The complexity of model-based clustering grows as outliers become more prevalent, compounded by restrictions imposed by the detection of quantification. This paper introduces a finite mixture of multivariate contaminated normal (FM-MCN) distributions tailored for handling censored data, referred to as the FM-MCNC model henceforth. Subsequently, the FM-MCNC model is extended to tackle the multivariate linear regression issue, leading to the formulation of the FM-MCN censored regression (FM-MCNCR) model. For the estimation of model parameters, we devise a computationally analytical alternating expectation conditional maximization (AECM) algorithm.
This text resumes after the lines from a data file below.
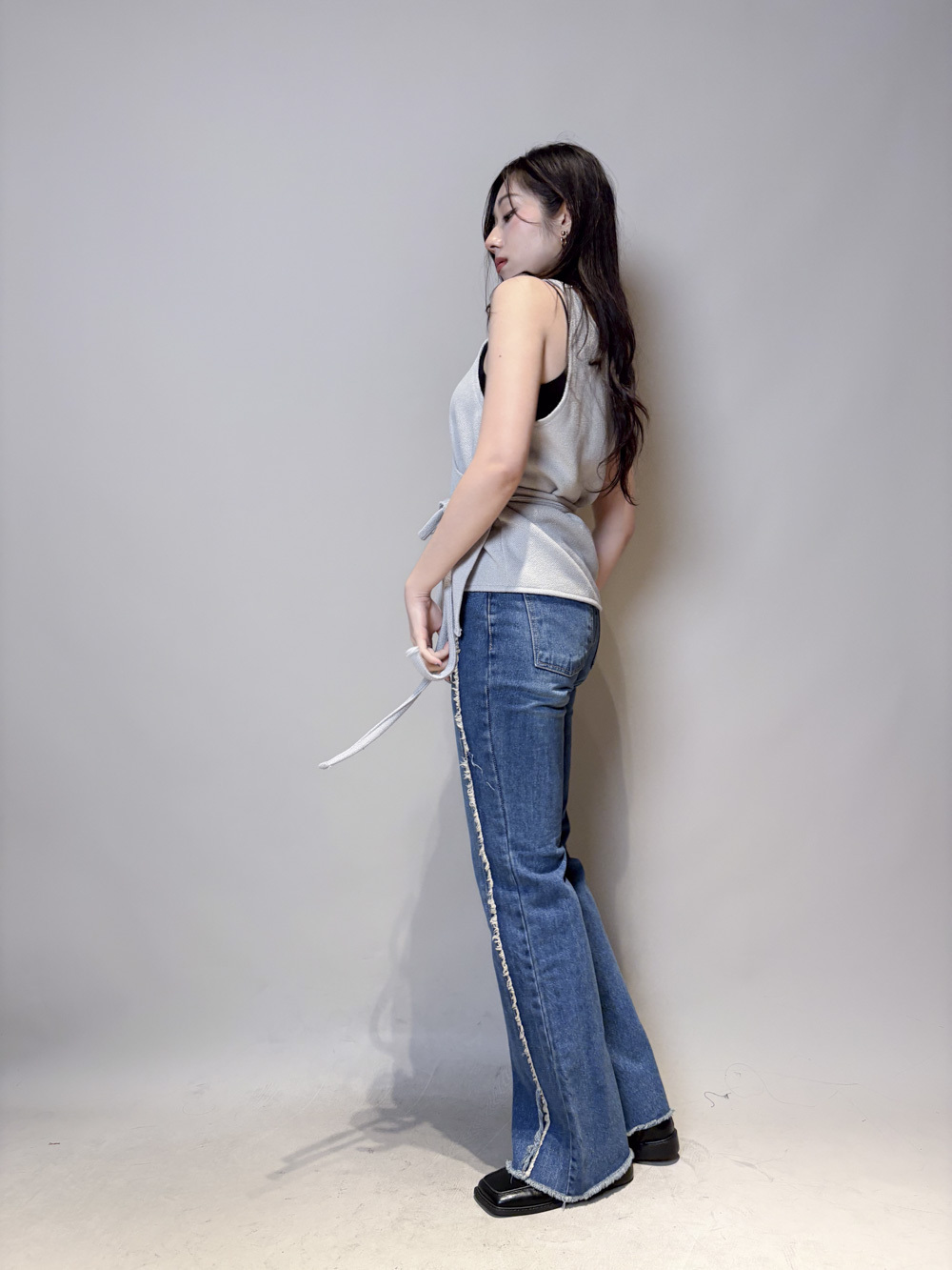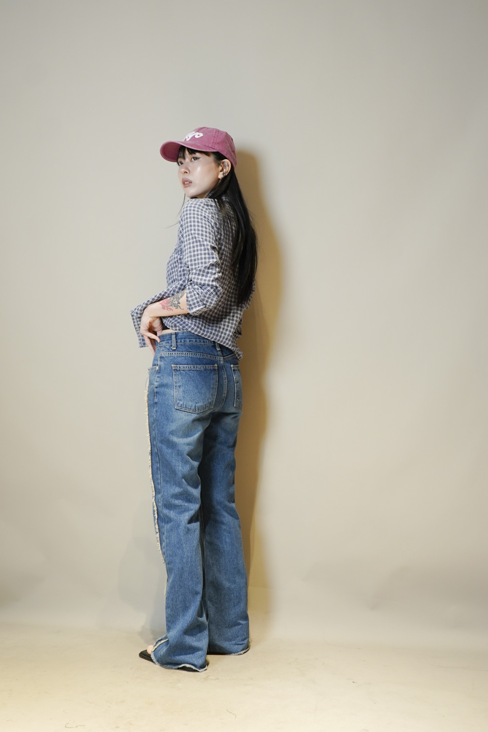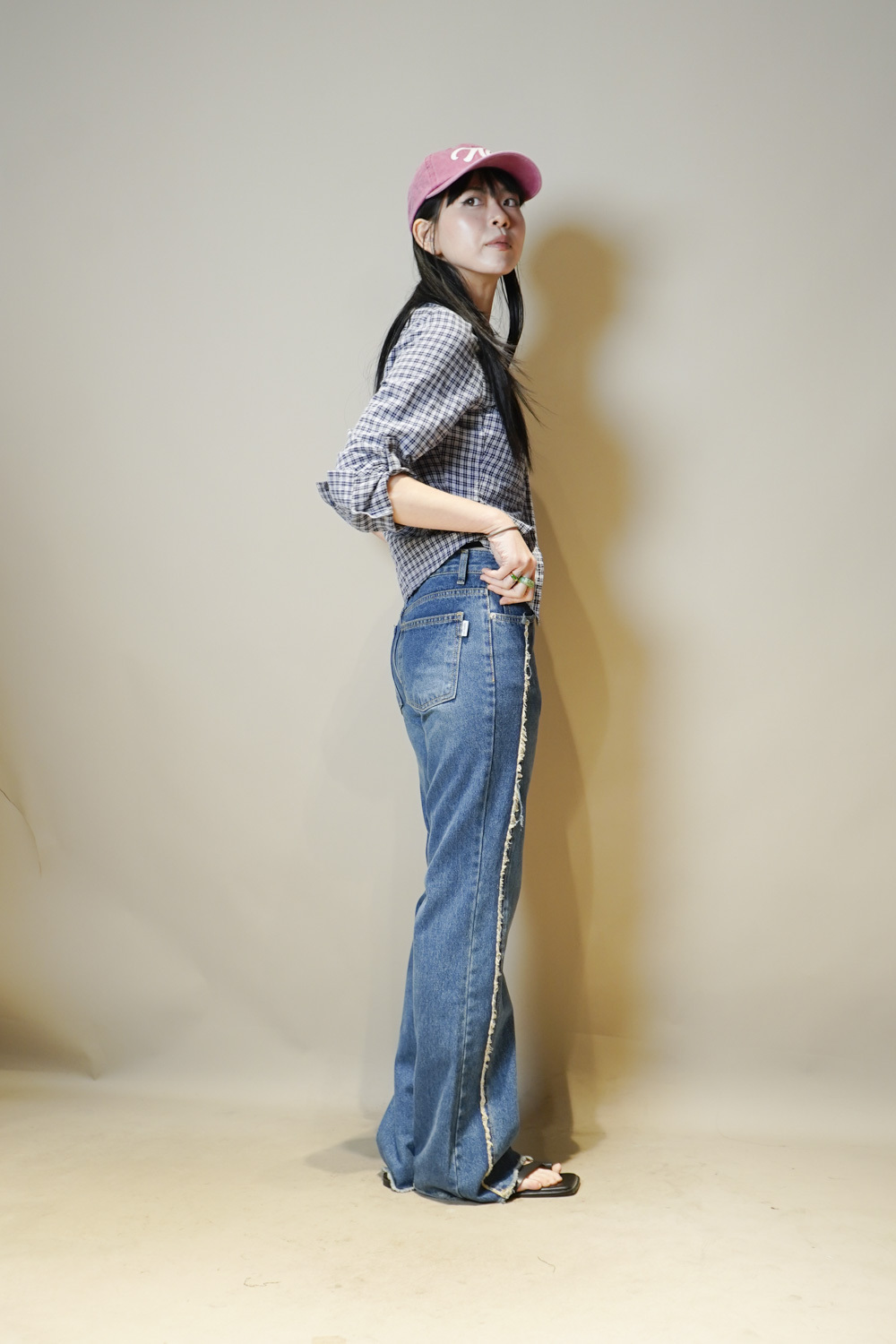 S: Waist: 66cm (26”) / Hip: 91cm (36”) / Rise: 28.5cm / Length: 102.5cm / Thigh: 50cm / Hem: 48cm
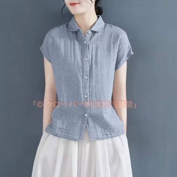 半袖シャツ ブラウス レディース 折り襟 無地 綿麻 トップス クローバー株式会社 七分袖 シフォン きれいめ おしゃれ ゆったり カジュアル 春夏 通勤通学 就活 細身
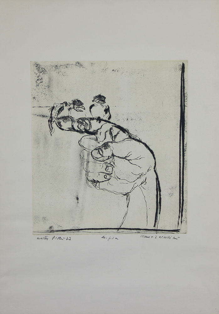 Piacesi Walter Mano + 2 uccellini, 1973 incisione su carta, cm. 69x49 (lastra...
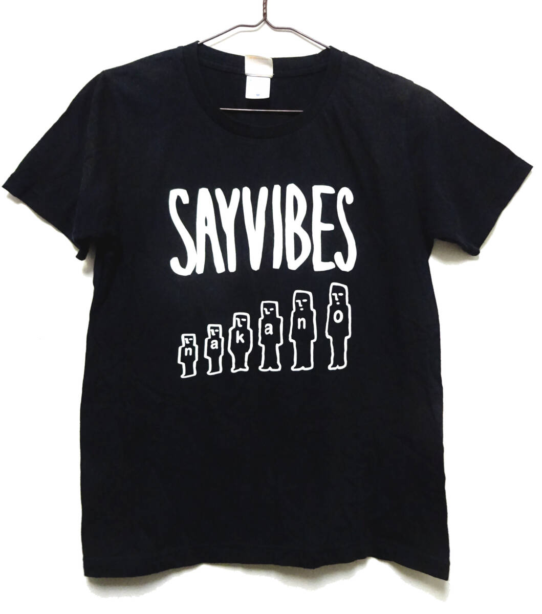 | カラー | ●ブラックの地に、フロント、胸にあたりにSAYVIBES とホワイトでプリントされ、その文字の下には人の形の中にn,a,k,a,n,o の文字がプリントされています。 |
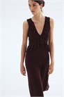 Длинное платье без рукавов из легкого трикотажа с глубоким V-образным вырезом с воланами спереди и двухслойными воланами под бюстом, переходящими на талию сзади. На подкладке.
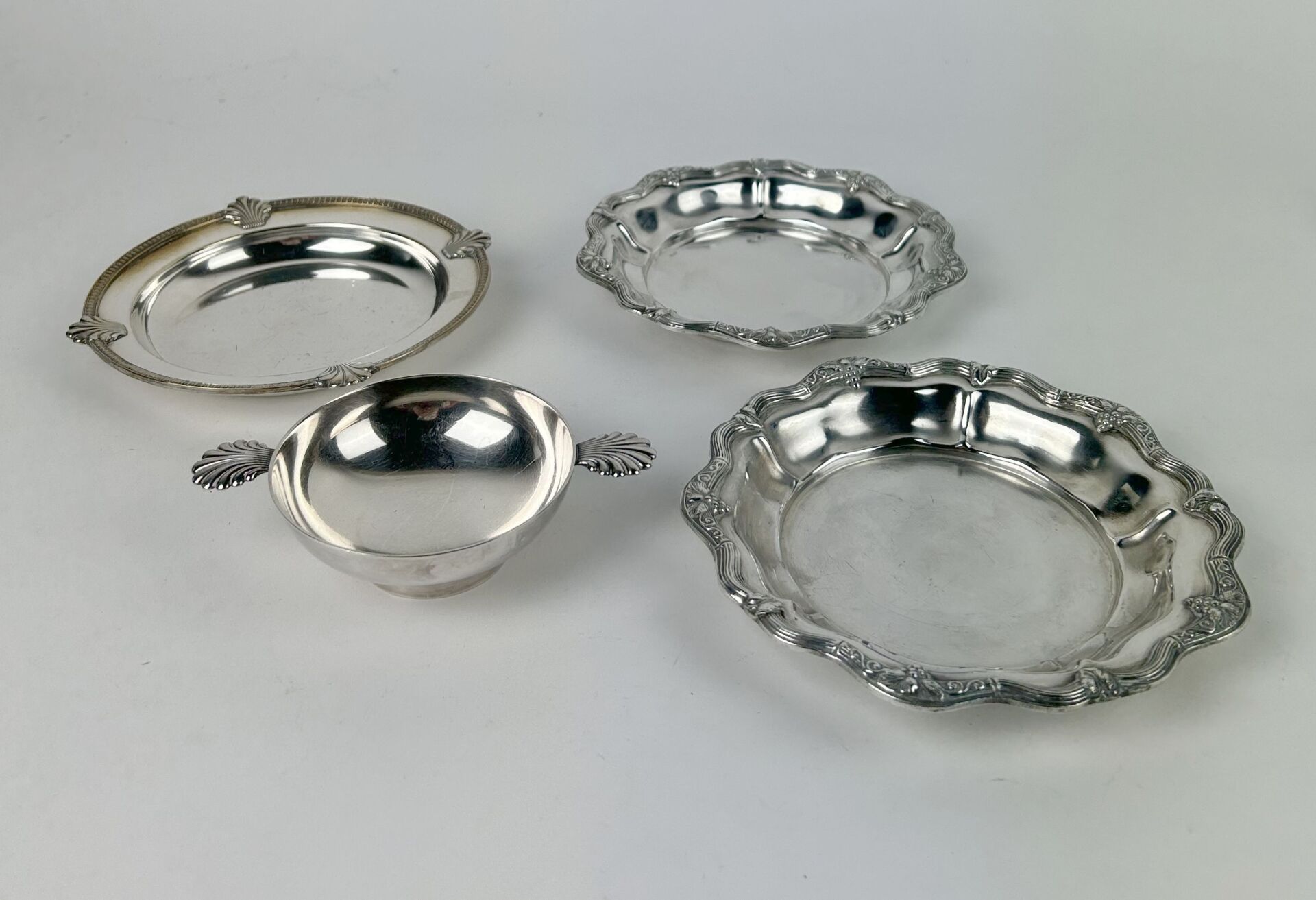 Ensemble en métal blanc comprenant trois dessous de bouteille, deux à décor de grappes de raisin et un à décor de filet de goderons et coquilles, On y joint une coupelle à deux anses formant coquille.
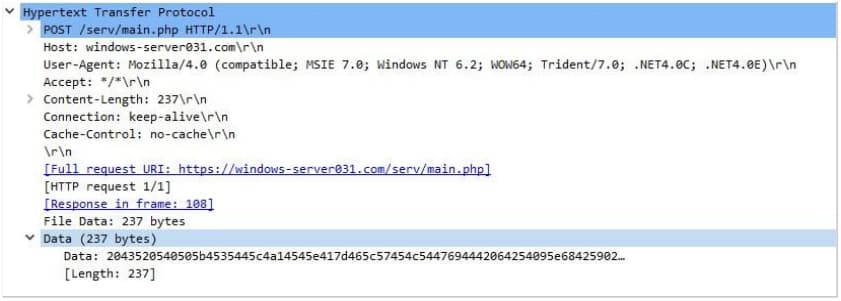 Все украденные данные копируются с помощью команды PowerShell во временную директорию пользователя, шифруются, а затем отправляются на командный сервер на домене windows-server031.com.
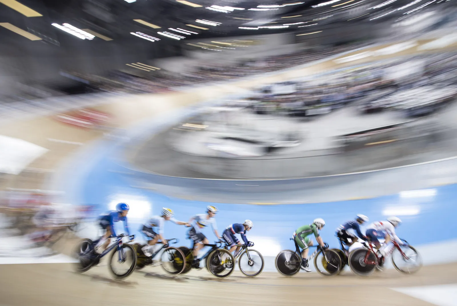 Cyclists bank a corner during the Tissot UCI Track World Cup, at the Mattamy National Cycling Center in Milton, Canada.
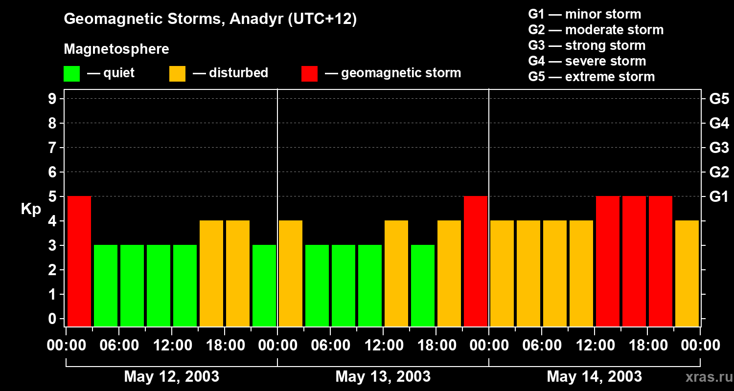 Changes in the geomagnetic index Kp from May 12 to 14, 2003 for mid latitudes
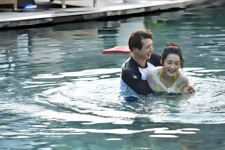 李沁和魏大勋在《我们相爱吧》中的泳池戏水剧照,到底是甜蜜还是过于
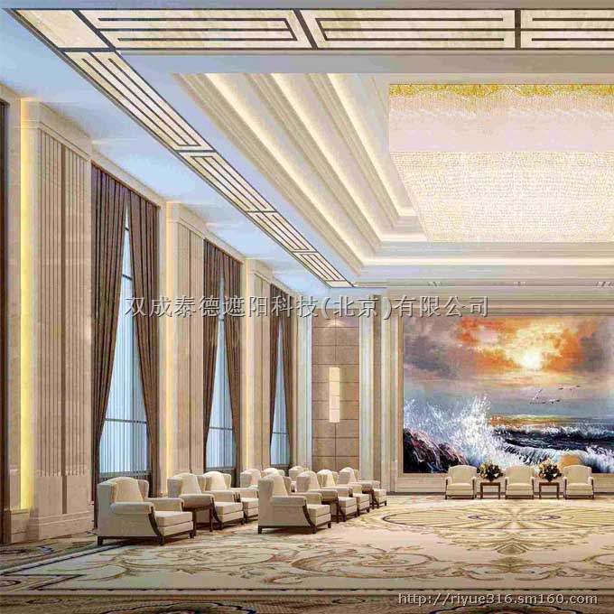 产品说明:电动布帘即能电动操作,也可手动操作,使用简单、样式大气,灵滑噪音小,为您创造舒适,温馨的环境。多用于高级会所、酒店、别墅
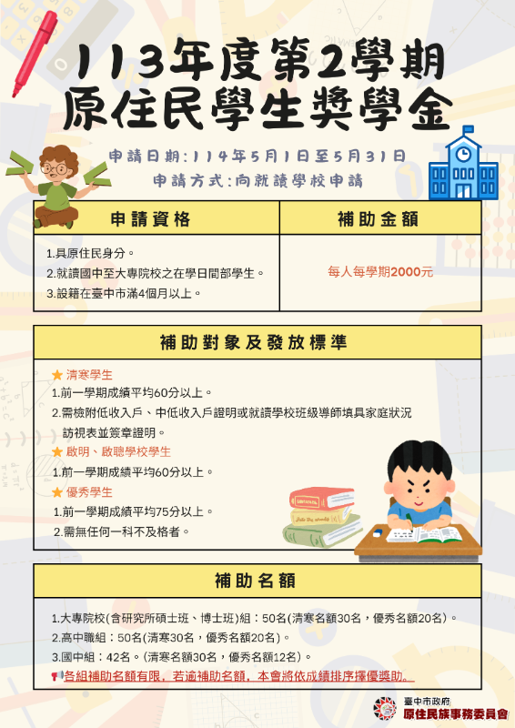 | 標題 | 【獎(助)學金】轉知「113學年度第2學期原住民學生獎學金」相關資料,請符合資格學生依限申請(申請期間自114年5月1日至114年5月31日止)(教務處截止收件日114.5.20)。 |
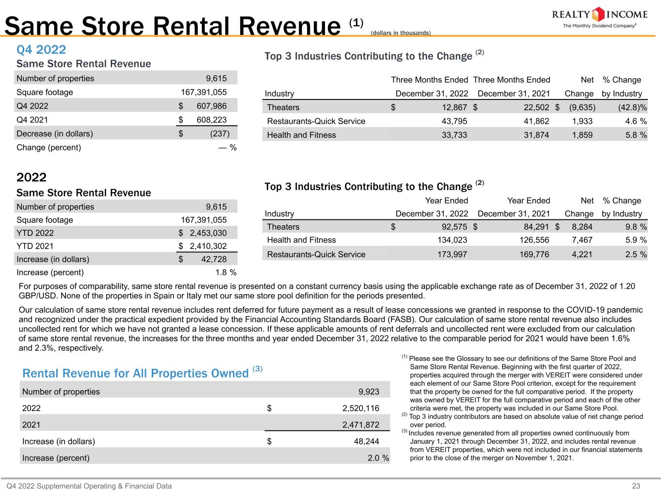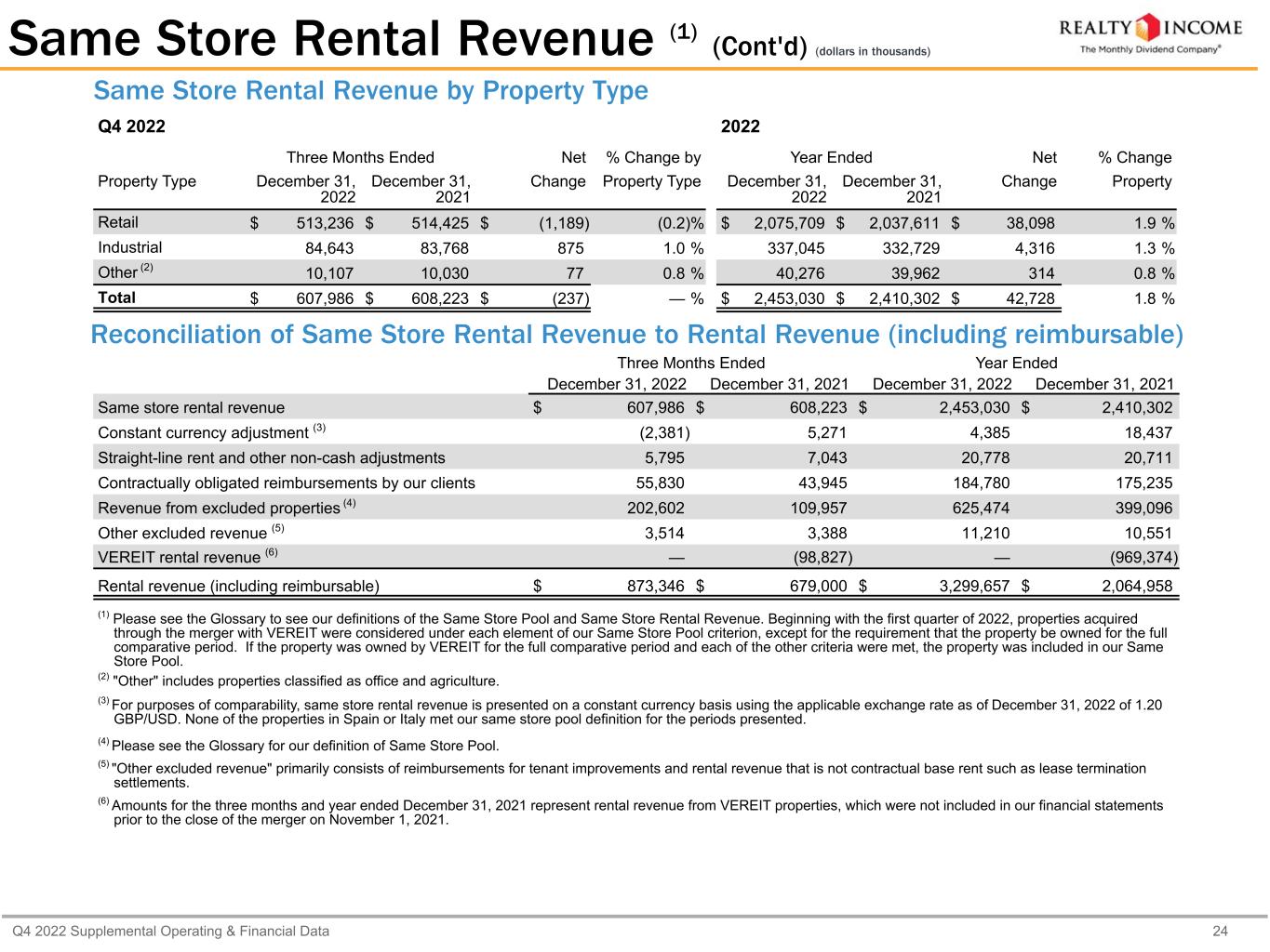Q4 2022 Supplemental Operating & Financial Data 23 Q4 2022 Same Store Rental Revenue Number of properties 9,615 Square footage 167,391,055 Q4 2022 $ 607,986 Q4 2021 $ 608,223 Decrease (in dollars) $ (237) Change (percent) — % 2022 Same Store Rental Revenue Number of properties 9,615 Square footage 167,391,055 YTD 2022 $ 2,453,030 YTD 2021 $ 2,410,302 Increase (in dollars) $ 42,728 Increase (percent) 1.8 % Same Store Rental Revenue (1) (dollars in thousands) Top 3 Industries Contributing to the Change (2) Three Months Ended Three Months Ended Net % Change Industry December 31, 2022 December 31, 2021 Change by Industry Theaters $ 12,867 $ 22,502 $ (9,635) (42.8) % Restaurants-Quick Service 43,795 41,862 1,933 4.6 % Health and Fitness 33,733 31,874 1,859 5.8 % Top 3 Industries Contributing to the Change (2) Year Ended Year Ended Net % Change Industry December 31, 2022 December 31, 2021 Change by Industry Theaters $ 92,575 $ 84,291 $ 8,284 9.8 % Health and Fitness 134,023 126,556 7,467 5.9 % Restaurants-Quick Service 173,997 169,776 4,221 2.5 % For purposes of comparability, same store rental revenue is presented on a constant currency basis using the applicable exchange rate as of December 31, 2022 of 1.20 GBP/USD. None of the properties in Spain or Italy met our same store pool definition for the periods presented. Our calculation of same store rental revenue includes rent deferred for future payment as a result of lease concessions we granted in response to the COVID-19 pandemic and recognized under the practical expedient provided by the Financial Accounting Standards Board (FASB). Our calculation of same store rental revenue also includes uncollected rent for which we have not granted a lease concession. If these applicable amounts of rent deferrals and uncollected rent were excluded from our calculation of same store rental revenue, the increases for the three months and year ended December 31, 2022 relative to the comparable period for 2021 would have been 1.6% and 2.3%, respectively. (1) Please see the Glossary to see our definitions of the Same Store Pool and Same Store Rental Revenue. Beginning with the first quarter of 2022, properties acquired through the merger with VEREIT were considered under each element of our Same Store Pool criterion, except for the requirement that the property be owned for the full comparative period. If the property was owned by VEREIT for the full comparative period and each of the other criteria were met, the property was included in our Same Store Pool. (2) Top 3 industry contributors are based on absolute value of net change period over period. (3) Includes revenue generated from all properties owned continuously from January 1, 2021 through December 31, 2022, and includes rental revenue from VEREIT properties, which were not included in our financial statements prior to the close of the merger on November 1, 2021. Rental Revenue for All Properties Owned (3) Number of properties 9,923 2022 $ 2,520,116 2021 2,471,872 Increase (in dollars) $ 48,244 Increase (percent) 2.0 %
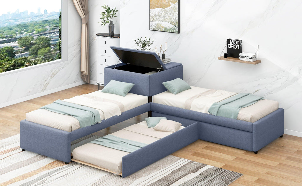 This bed increased sleeping capacity is the perfect solution for cottages, extended family, out-of-town guests, or hosting your rambunctious friends for a sleepover. The unique L-shaped platform bed s offers a space-saving design which can accommodate 3 people. With a trundle and two drawers, especially the built-in square table, this special bed is configured to fit in the corner of the room. Two drawers under the bed are designed to store daily necessities like socks or clothes. Built-in square table in the middle of these two twin beds offers both more durability and functionality which can be used as a nightstand.
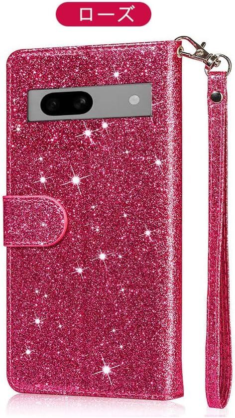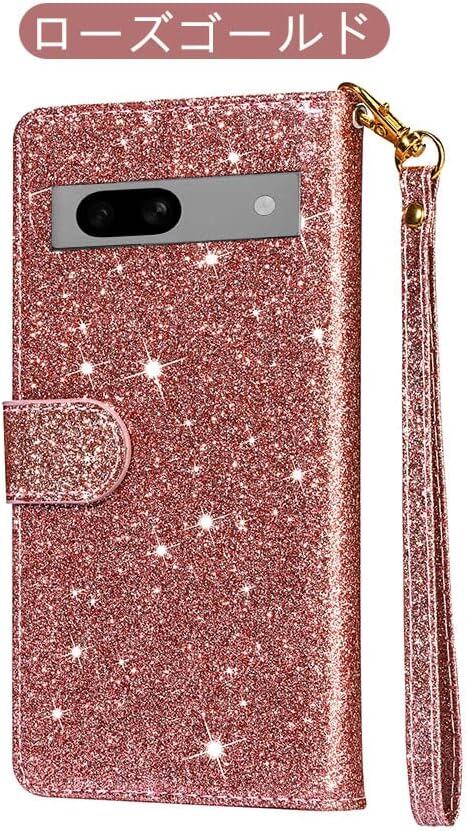 GooglePixel7aカバー手帳型PUレザースタンド機能カード収納ストラップ付きグリッター可愛いキラキラお洒落デコPUレザーケースグーグルピクセル7aアンドロイド
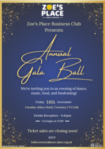 This year marks the Zoe’s Place 10th annual Gala Ball! This will be taking place on Friday 14th November at Coombe Abbey Hotel.

Additionally, we present an information matrix-based formula to approximate the asymptotic standard errors of parameter estimates. Importantly, the AECM algorithm serves a dual role by not only facilitating parameter estimation but also providing methods to recover censored measurements and detect outlier data points as a by-product when it converges. The efficacy and advantages of the proposed methodology are illustrated through a series of simulations and two real-life data examples.